¿Eres Luddita o Tecnófilo?

Hoy me apetece analizar dos ideologías enfrentadas: las de aquellos que entienden que la tecnología es la solución para todos los males de la humanidad (tecnófilos) y la de aquellos que por el contrario ven la tecnología como el gran problema para el desarrollo humano (ludditas).

Los orígenes del Luddismo se remontan a principios del siglo XIX. Los seguidores de Nedd Ludd destrozaban la maquinaria en las fábricas de los condados de Yorkshire y Nottinghamshire, temerosos de que aquellos nuevos aparatos pusieran en peligro sus trabajos y su subsistencia. Según ellos, las máquinas producían desempleo y bajos salarios. Al final se les ejecutó públicamente, acabando con sus vidas y restableciendo el orden. Lo más llamativo es lo inútil de su intento, contrario a que la tecnología alterase radicalmente el mundo. Se empeñaron en combatir el futuro. Su mayor contribución a la historia fue la de dar nombre (ludditas) a todo aquel que se opone a la innovación tecnológica.

De la misma forma, el crecimiento vertiginoso y el desarrollo de las nuevas tecnologías de la información han producido en estos últimos años una reacción Neoluddita. Los primeros que utilizaron el término luddita en este contexto fueron Boal y Brook . Existen muchos neoludditas famosos como John Zerzan y Theodore Kaczynski (Unabomber). Al igual que los ludditas originales, los adversarios de los ordenadores y de Internet nos hablan de los terribles efectos de las nuevas tecnologías. Dicen que la lectura llegará a ser cosa del pasado, que la comunicación personal desaparecerá y que nuestros hijos serán adictos a los ordenadores. Ven en la tecnología de la información medio para el aislamiento social radical.

Unabomber, portada de TIME

Unabomber, portada de TIME

La expresión más dramática del neoluddismo es el terrorista Unabomber, famoso por su campaña contra la tecnología moderna, que consistía en enviar bombas por correo. En 1978 una serie de universidades y empresas de EEUU fueron el objetivo de las bombas de este personaje. Después de 18 años se le encontró viviendo como un ermitaño en las montañas de Montana, sin luz ni agua. Fue identificado como Ted Kaczynski, licenciado en Harvard en 1962 y antiguo profesor de matemáticas de la Universidad de California en Berkeley . En 1995, Kaczynski chantajeó al New York Times y al Washington Post para que publicaran su famoso manifiesto: “La sociedad industrial y su futuro” , que ahora campea por Internet.
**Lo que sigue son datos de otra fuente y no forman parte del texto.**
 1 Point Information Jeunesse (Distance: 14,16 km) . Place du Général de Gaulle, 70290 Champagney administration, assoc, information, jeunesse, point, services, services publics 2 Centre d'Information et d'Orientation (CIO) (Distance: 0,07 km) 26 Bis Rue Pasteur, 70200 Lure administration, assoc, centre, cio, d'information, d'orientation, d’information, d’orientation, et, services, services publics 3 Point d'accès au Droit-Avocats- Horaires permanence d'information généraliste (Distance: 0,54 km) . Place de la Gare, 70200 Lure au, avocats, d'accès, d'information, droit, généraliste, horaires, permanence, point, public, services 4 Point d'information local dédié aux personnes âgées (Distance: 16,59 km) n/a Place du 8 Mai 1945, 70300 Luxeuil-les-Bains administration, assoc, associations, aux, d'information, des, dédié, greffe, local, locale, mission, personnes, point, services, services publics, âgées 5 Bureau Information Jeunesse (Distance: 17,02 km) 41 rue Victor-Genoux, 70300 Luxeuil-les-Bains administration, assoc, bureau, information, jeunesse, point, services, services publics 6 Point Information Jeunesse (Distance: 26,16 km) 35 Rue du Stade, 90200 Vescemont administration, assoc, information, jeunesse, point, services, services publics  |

Hoy se encuentra detenido y se niega alegar locura como defensa. Su enfrentamiento con la sociedad industrial va en serio, como su brillante y trágico manifiesto.

Lo cierto es que Unambomber le da verosimilitud expresiva a un neoluddismo más extendido de lo que parece y merece que se le preste mucha atención. Analicemos uno de sus párrafos : “La revolución industrial y sus consecuencias han sido un desastre para la raza humana. Han aumentado mucho la esperanza de vida de quienes vivimos en países avanzados, pero han desestabilizado la sociedad, han hecho que la vida sea insatisfactoria, han sometido a indignidades a seres humanos, han producido un sufrimiento psicológico en el Tercer Mundo (también sufrimiento físico) y han infligido grave daño al mundo natural”.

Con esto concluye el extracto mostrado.